What does Classical AI mean?

Let’s start by describing what classical artificial intelligence is. Feel free to add/comment on whatever is missing/wrong. We can build up a complete picture as we go.

This type of AI is dedicated to the position that the appropriate level to model intelligence/cognition is at the level of the symbol. In fact, in the version that Searle calls 'Strong AI', anything that manipulates symbols in accordance with appropriate formal rules gives rise to a mind and anything that is a mind manipulates symbols in such a fashion. This Physical Symbol System Hypothesis implies that we (our brains) are digital computers. Now the symbol is defined as having both a syntax and a semantics. The syntax comes from defining the way a particular symbol is processed and interacts with other symbols (its rules) and the semantics is derived from the content that the symbol contains (what 'thing' the symbol stands for in the world not how the symbol's content is related to. Contrast with Propositional Attitudes in LOT). It should be noted that the symbol itself is not a physical thing, but tokens of symbol-types can be realised physically (in your brain, say). In this way, the conjunction of syntax and semantics plus physical tokening can allow for mental content to have causation.

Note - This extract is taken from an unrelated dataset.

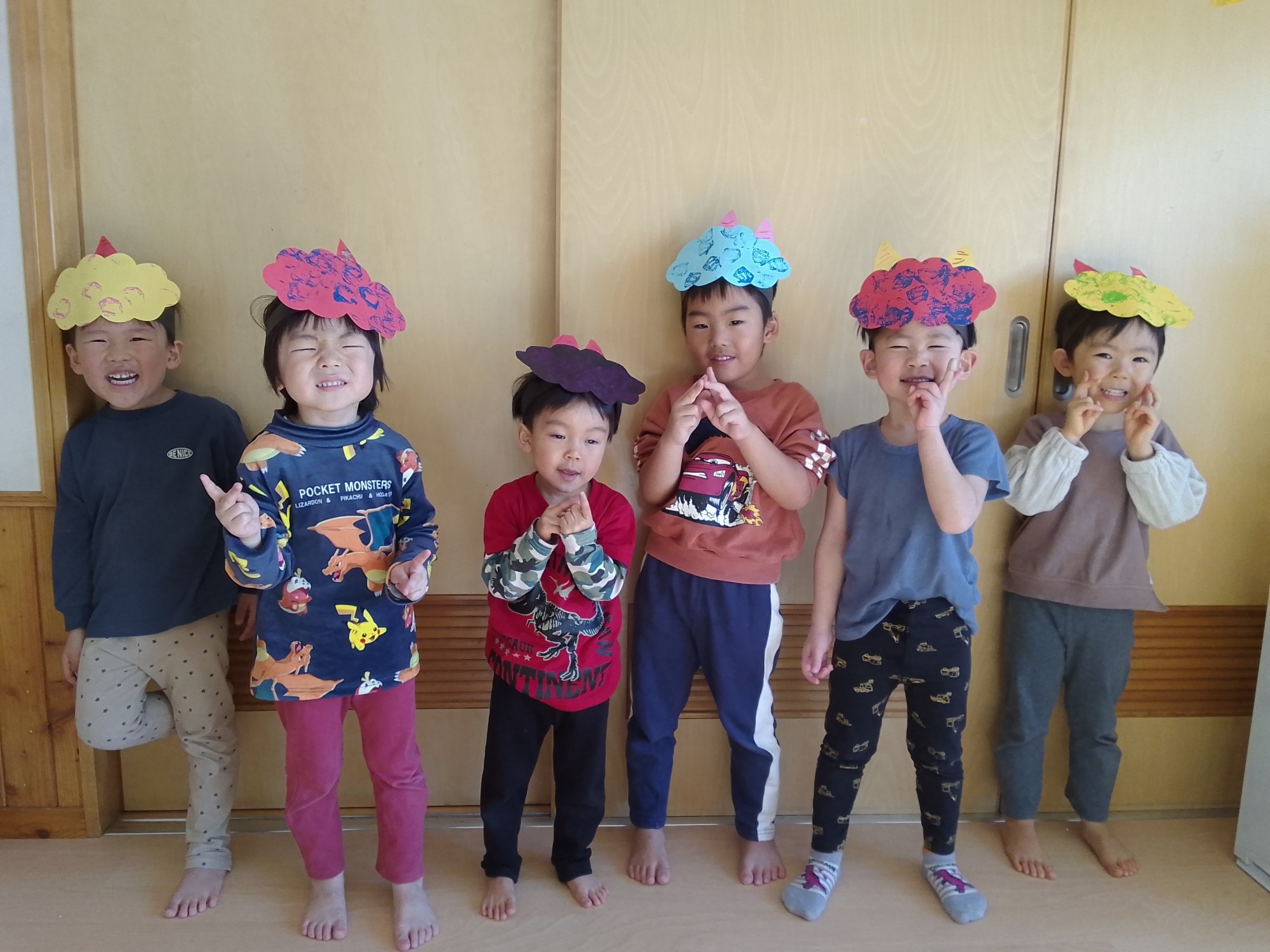 2月は節分がありました👹節分の日にはホールで自分の中にいる「泣き虫鬼」「いやいや鬼」などの鬼を退治しよう!!とのことで鬼に因んだゲームをしました♪

If I’m on the right track, I’d say most classicists are functionalists on some level. Anyway, the symbolic level AI has problems. As Mitch has highlighted in lectures, the way we think is not like this. We can handle inconsistent, incomplete information. But the real problem is described by Searle: syntax alone is insufficient for semantics. A digital (symbolic) computer can be defined fully by reference to its rules of symbol-manipulation. No amount of computation can account for semantics; no amount of atomic symbol shuffling produces meaning. Is he right? I feel he’s missed the definition of a symbol being something ‘atomic’ that follows rules and represents something.